▸ **TO DO**: Repeat word for word the lines starting at the one with "4 개/대 귀여운 아기" and ending at the final line of the material, both ends included; omit pictures.

▸ **INFORMATION SUPPLIED**:
--- START ---

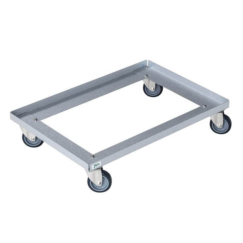 Tralla Scott i alu/zink. med standardmått, L616 x B416 x H128 mm, perfekt för backar. Enkelt utförande med öppna hörn. Öppen botten med bred kant. Trallan är utrustad med 4 tystgående länkhjul Ø 75 mm. Önskar du utrusta din tralla med 2 fasta hjul och 2 länkhjul så är det valbart i rullisten nedan. Maxbelastning 100 kg. Vikt 3 kg.
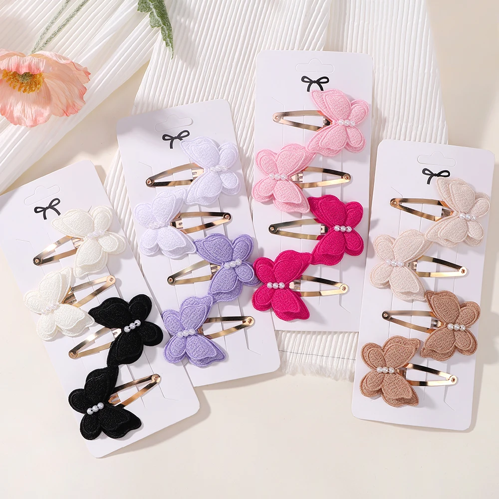 4 개/대 귀여운 아기 소녀 뜨개질 모자를 쓰고 있죠 수제 크로 셰 뜨개질 나비 합금 머리카락 클립 어린이 머리핀 패션 Desgin 모자를 쓰고 있죠
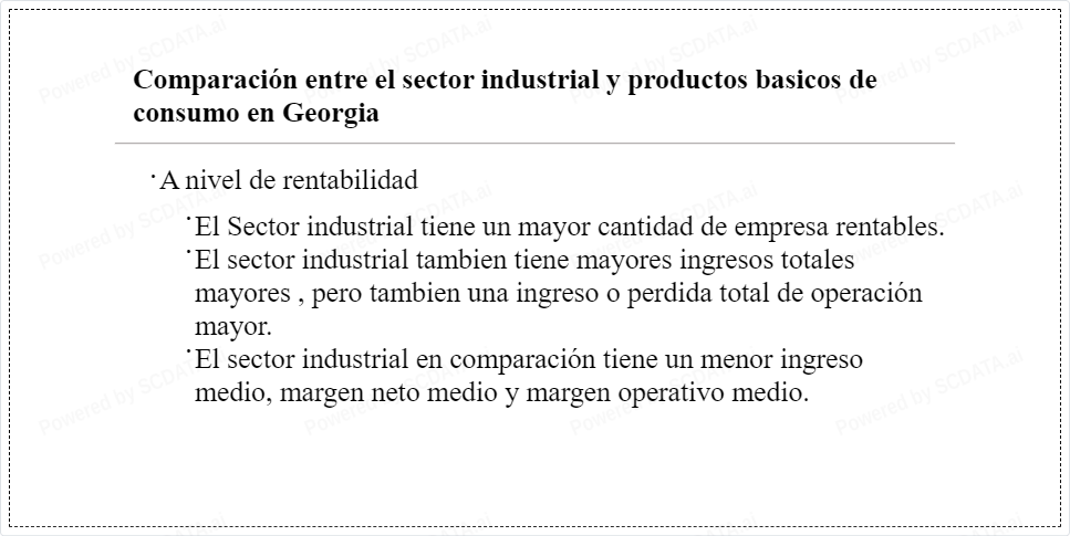 Comparación entre el sector industrial y productos basicos de consumo en Georgia
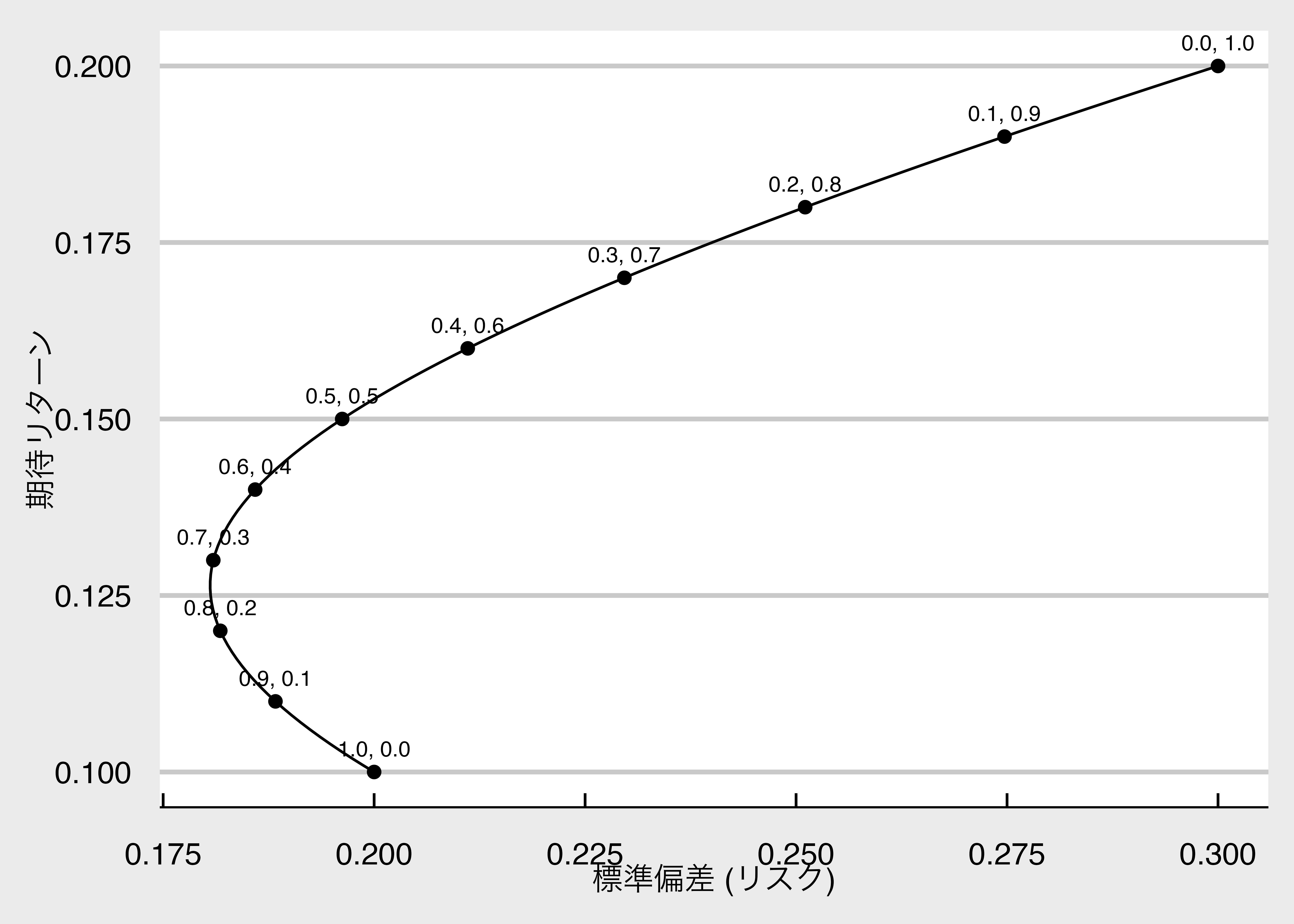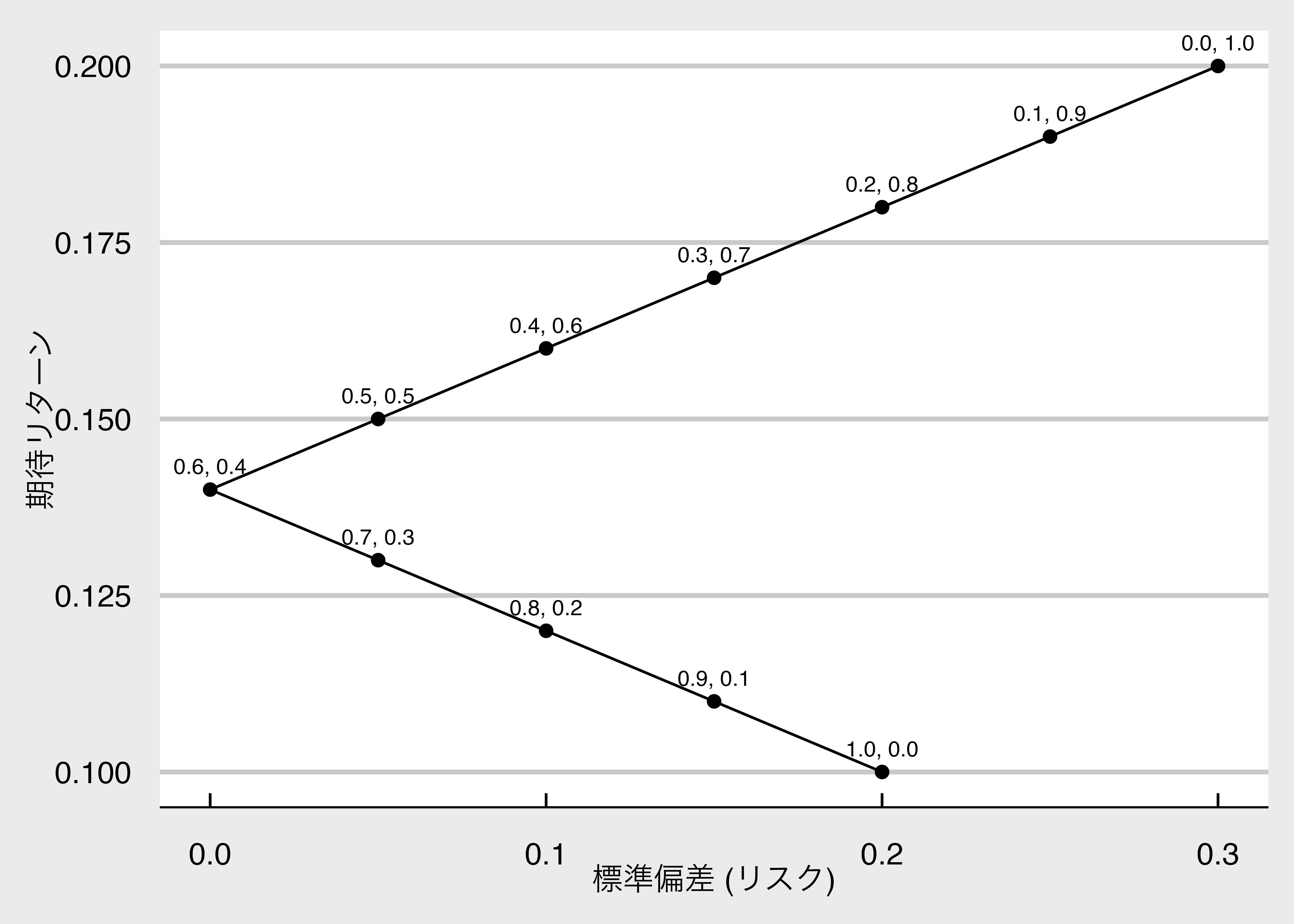 x = "リスク (標準偏差)", y = "期待リターン") +

--- END ---

▸ **RESPONSE AREA**:
 4 개/대 귀여운 아기 소녀 뜨개질 모자를 쓰고 있죠 수제 크로 셰 뜨개질 나비 합금 머리카락 클립 어린이 머리핀 패션 Desgin 모자를 쓰고 있죠
 Comparación entre el sector industrial y productos basicos de consumo en Georgia
 x = "リスク (標準偏差)", y = "期待リターン") +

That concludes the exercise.